Гора, на которой мог полечь целый полк (вот почему он не рискнул остаться без резерва), была взята меньше чем с полутора сотнями бойцов. С минимальными в этих условиях потерями.
И все же у него настроение было хуже всех. Он чувствовал себя виноватым перед Машей за те невольные опасения, которые у него были, пока вел людей на Поднебесный Зуб, за то, что дал Соловьеву ускользнуть. Вспоминались Машины слова: «Поймаешь Соловья – тогда и отдохну…»
Но он оставался командиром. То, что могли себе позволить красноармейцы, не мог себе позволить он. Мало того, он обязан был вывести людей из этого состояния. Случись новый бой – они не готовы.

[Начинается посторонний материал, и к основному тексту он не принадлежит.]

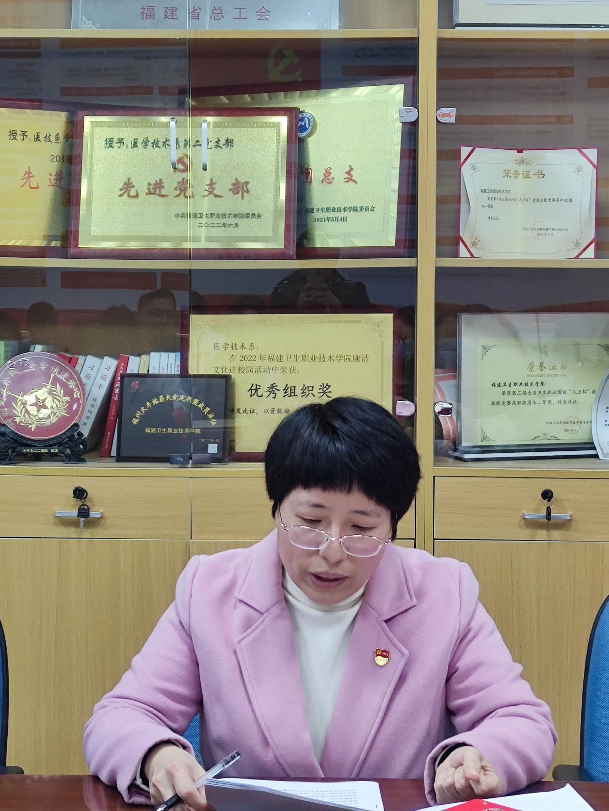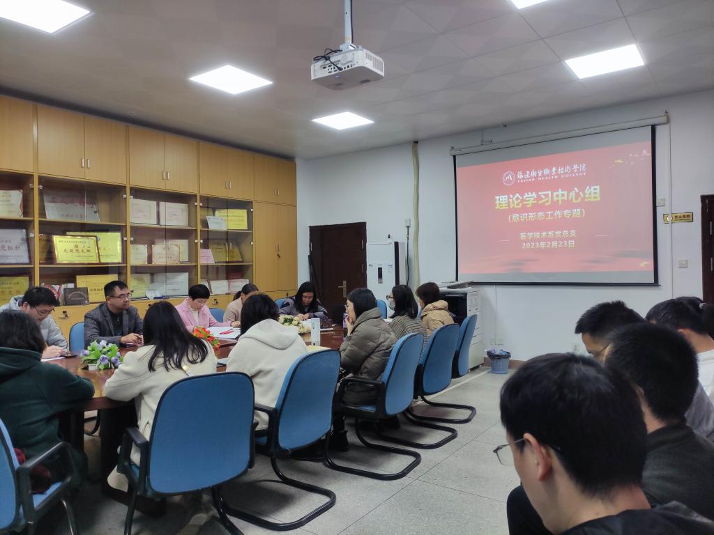 2月23日,醫學技術系黨總支書記柯瓊鶯主持召開理論學習中心組(擴大)會議,開展意識形態工作專題學習,主要學習黨的二十大報告中有關意識形態工作有關論述,以及《習近平關于社會主義精神文明建設論述摘編》、《深入學習習近平關于教育的重要論述》、《中國共產黨宣傳工作簡史》(上卷)等內容。
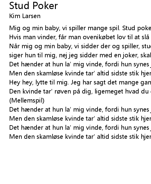 | Mig og min baby, vi spiller mange spil. Stud poker og terninge spil. | |
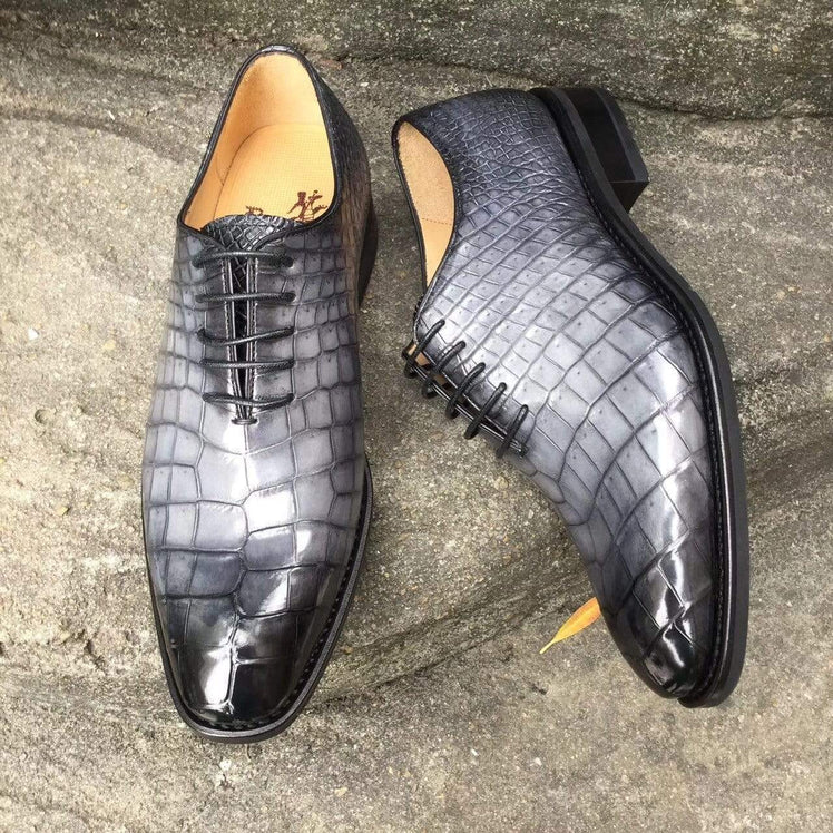 Scarpe da Uomo in Coccodrillo, Scarpe in Pelle di Coccodrillo Grigie, Scarpe Stringate, Suola Goodyear
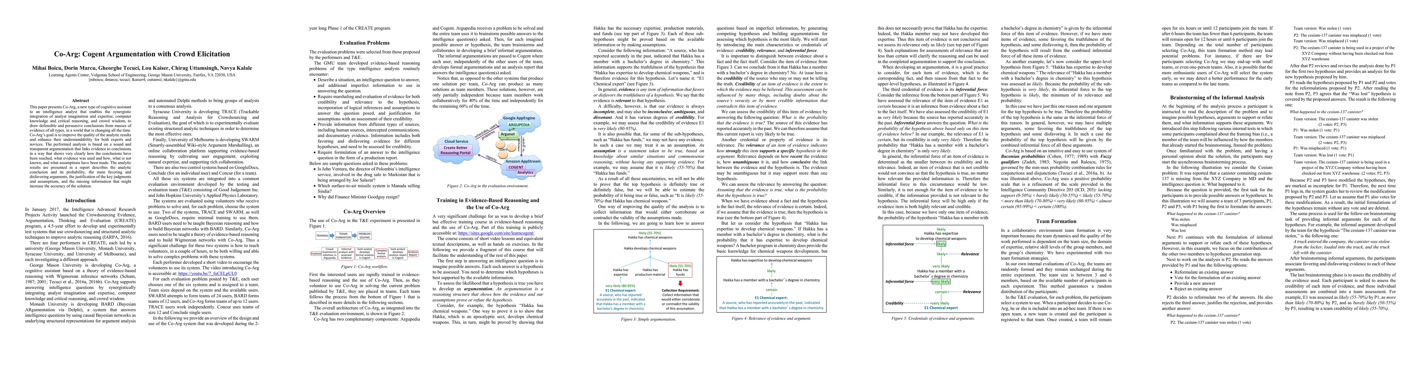 Co-Arg is a cognitive assistant designed to integrate analyst expertise, computer reasoning, and crowd wisdom to produce clear, defendable conclusions from diverse evidence. It aims to enhance both the quality and understandability of analytic results for experts and novices alike.
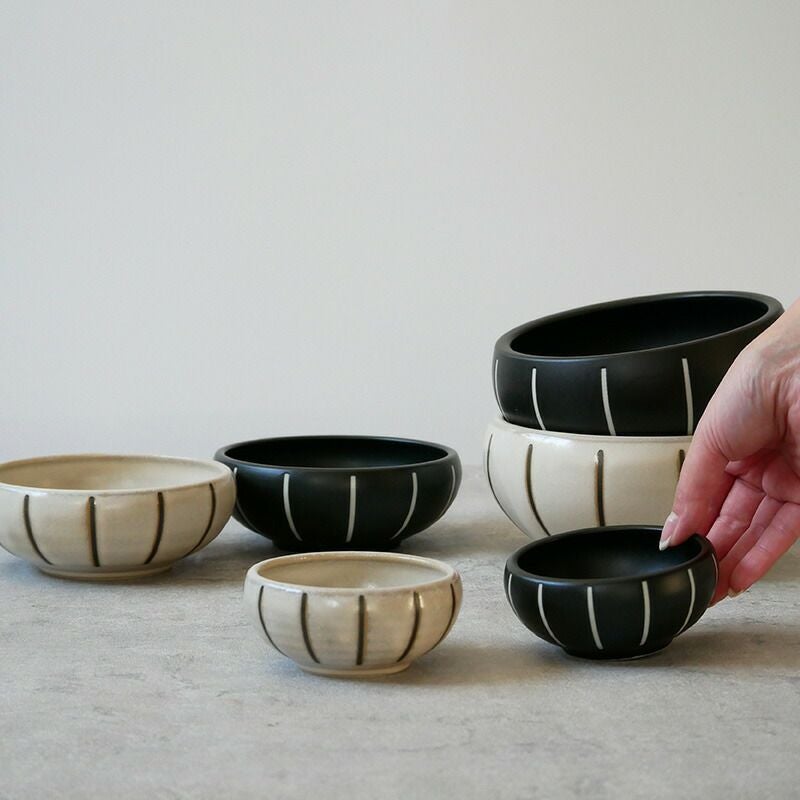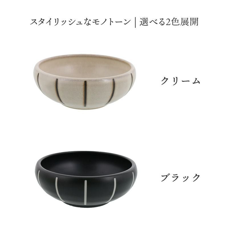 どんな料理にもぴったりとマッチするモノトーンのボウルです。 13cmのボウルはサラダボウルや、おかずの盛り鉢、煮物鉢、デザートボウル、ヨーグルトボウルなど、多用途にご使用いただけます。 落ち着いた色合いですが、側面に施されたさりげない十草模様が食卓のアクセントに。 お持ちの食器とも合わせやすく、重宝すること間違いなしのボウルです。
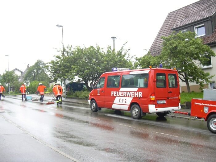 Ein unbekanntes Fahrzeug hat an mehreren Stellen in der Aichelberger Straße Dieselkraftstoff verloren, der durch den Regen zu großen schmierigen Flächen auf der Fahrbahn aufgeschwemmt wurde. Die sieben Einsatzkräfte der Holzmadener Feuerwehr haben die Rutschgefahr für andere Verkehrsteilnehmer und die Gefahr für die Umwelt, mittels Ölbinder, schnell beseitig. Der Straßenverlauf wurde zusätzlich mit Hinweisschildern „ÖLSPUR“ abgesichert.
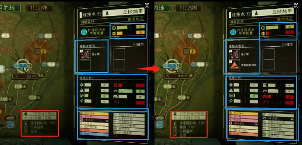 绿色框为刷新科技,如果一个目的地条件恶劣或没有目标资源,可以刷新或选择另一条路线
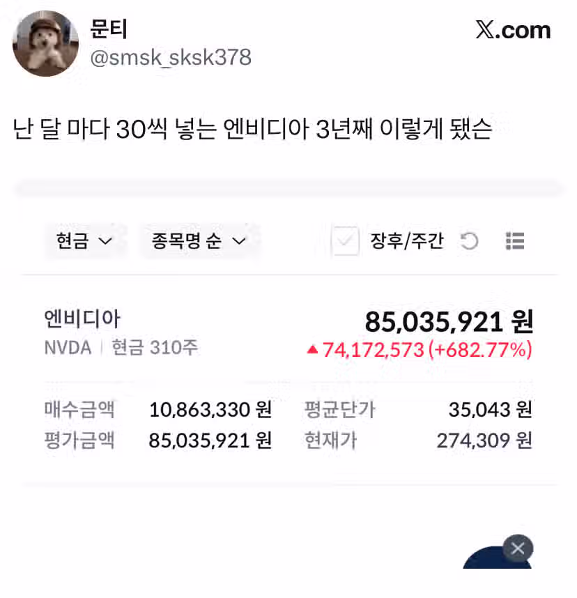 3년동안 엔비디아에 매달 30만원씩 넣은 사람 근황.jpg
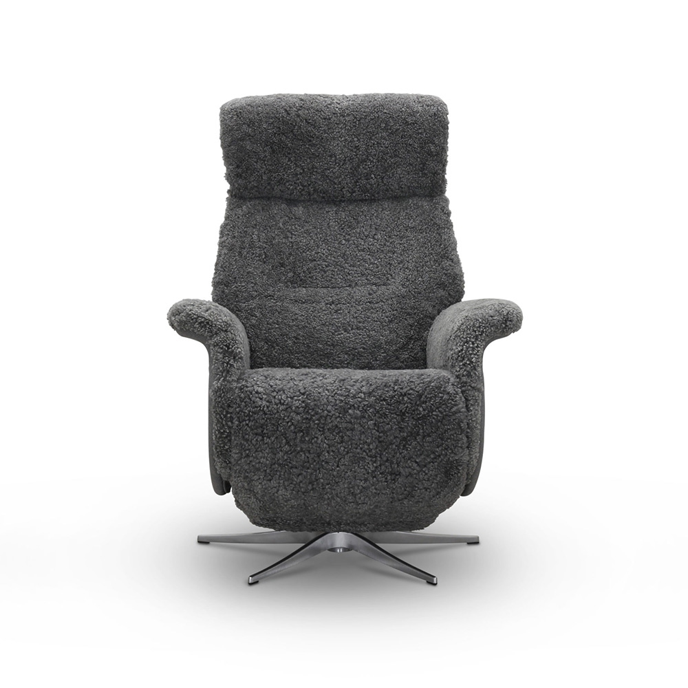 Lissabon är en reclinerfåtölj med hög komfort. Du styr enkelt fåtöljen med knappar som är placerade på armstödet till höger. Tack vare ett system med två motorer regleras fotstöd och ryggstöd separat. Denna modell har även snurrfunktion, ställbart ryggstöd som formas efter ryggen samt ett reglerbart och höj- och sänkbart nackstöd – allt för extra skön komfort. Klädd i fårskinn, finns i tre färger.
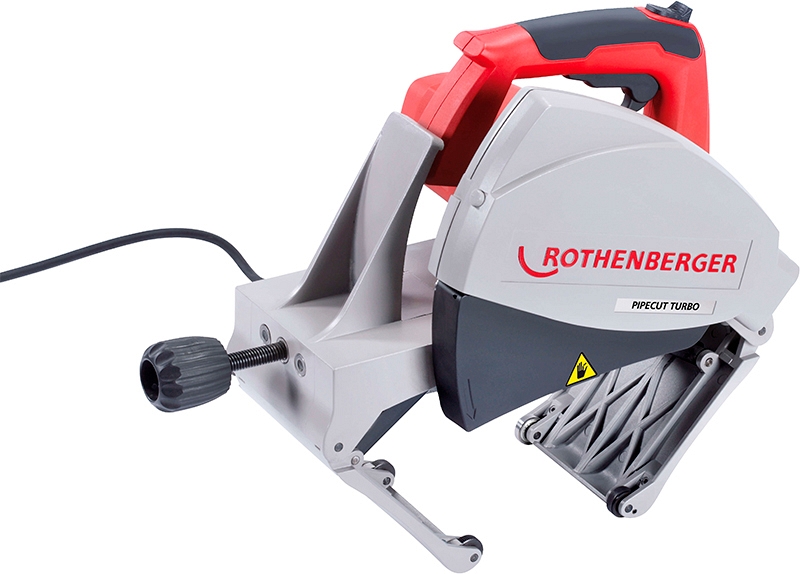 Труборез электрический Rothenberger Pipecut Turbo 250 (Ротенбергер Пайпкат Турбо 250) – электрическая дисковая пила для быстрой и точной резки стальных, нержавеющих, медных, алюминиевых, чугунных, пластиковых, металлопластиковых труб Ø 20 – 250 мм.
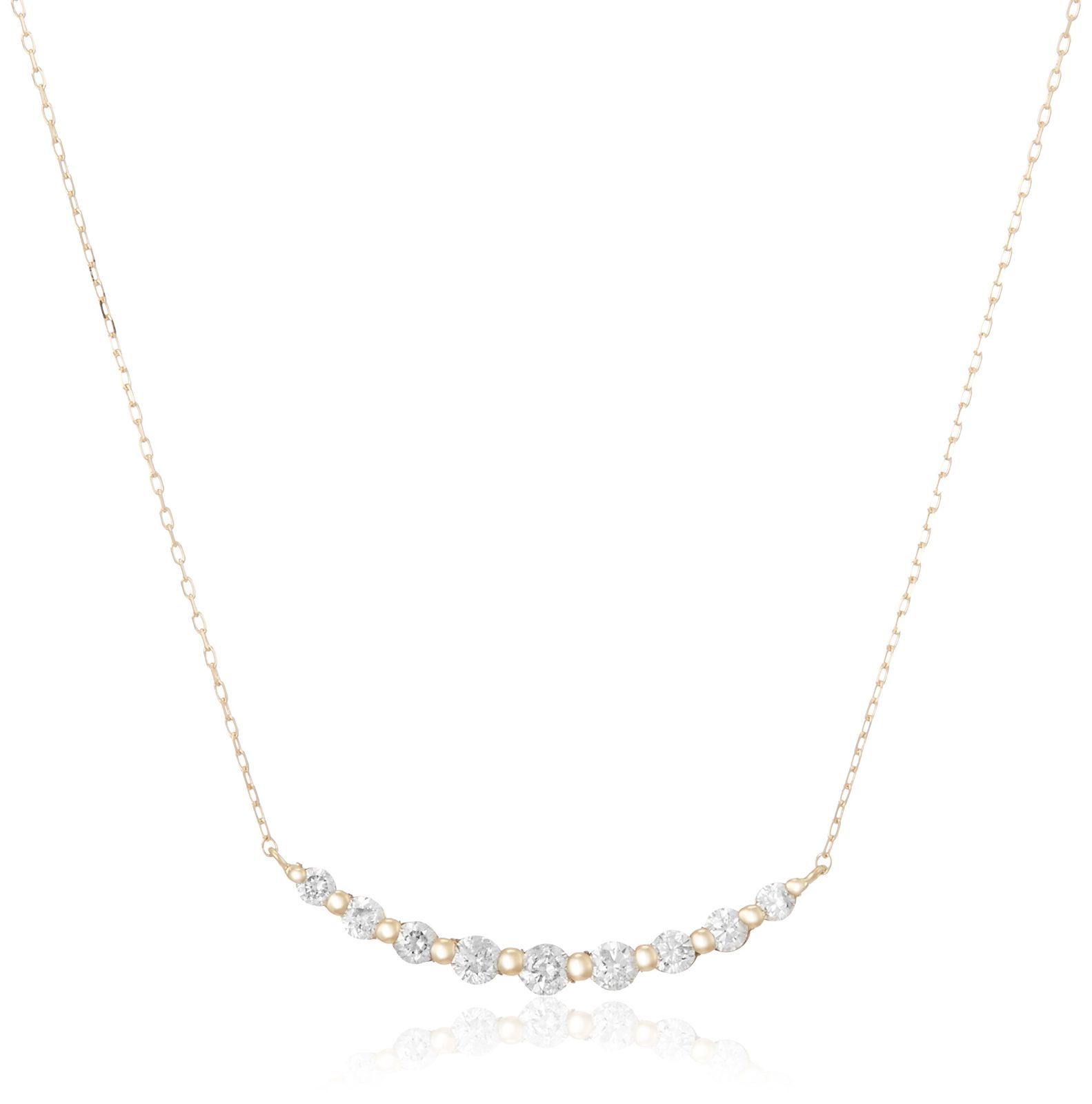 ダイヤモンドを横並びにセットしたラインネックレス。緩やかなカーブをつけたUラインのダイヤモンドは、シンプルで魅力的かつ上品な胸元を演出します。ダイヤモンドの煌めきが胸元を華やかに飾り、カジュアルにもラグジュアリーなシーンにも活躍してくれます。
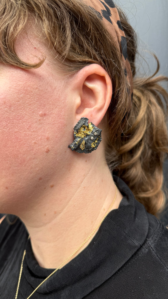 18-karat yellow gold, blackened sterling silver, diamonds (2mm)
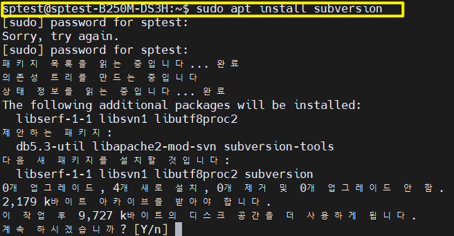 1. ssh로 연결한 서버컴퓨터에 subversion 설치하기
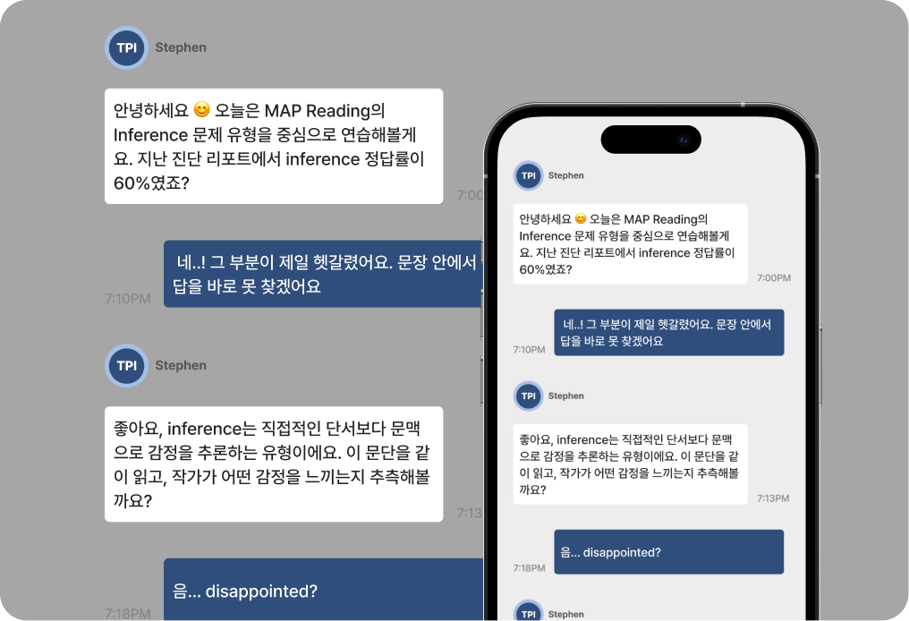 TPI의 정밀한 학업 진단, 열정적인 튜터링,그리고 디테일한 클래스 피드백은 확실한목표 달성을 보장합니다.

Конечно, можно было созвать митинг: «…бой и принесенные жертвы не напрасны, каждое поражение ослабляет Соловьева», – объяснив то, что бойцы понимали и без него. На худой конец можно было крикнуть начхоза, велев добыть несколько ведер самогонки и выдать каждому по стакану для веселья. Но это был тоже не выход. И тогда он придумал.
Во дворе стоял привязанный к столбу медведь. Один из охотников подобрал его осенью маленьким медвежонком и растил на потеху. Ночью мишка спал в сарае. Днем его привязывали у столба на длинной цепи. Живя среди людей, которые его сытно кормили, зверь отличался игривостью и добродушием.
Он подозвал бойца, гармониста Мишу Вазнева, и тихо шепнул: «Бери гармонь и приходи во двор. Ты поиграешь, а я тут кое-что выкину…»
На гармошку стал собираться народ. Медведь от музыки пришел в радостное настроение и заходил на цепи. Он вынес копченую рыбину и начал водить ею перед мишкиным носом, чуть подразнивая. Как только медведь разевал пасть – отводил рыбину и поднимал ее над мишкиной головой. Зверю не оставалось ничего другого, как встать на задние лапы и получить рыбину. которую медведь, все так же стоя, съел. Тут он обхватил зверя за туловище, пробуя повалить, а удивленный медведь положил ему на плечи свои лапы.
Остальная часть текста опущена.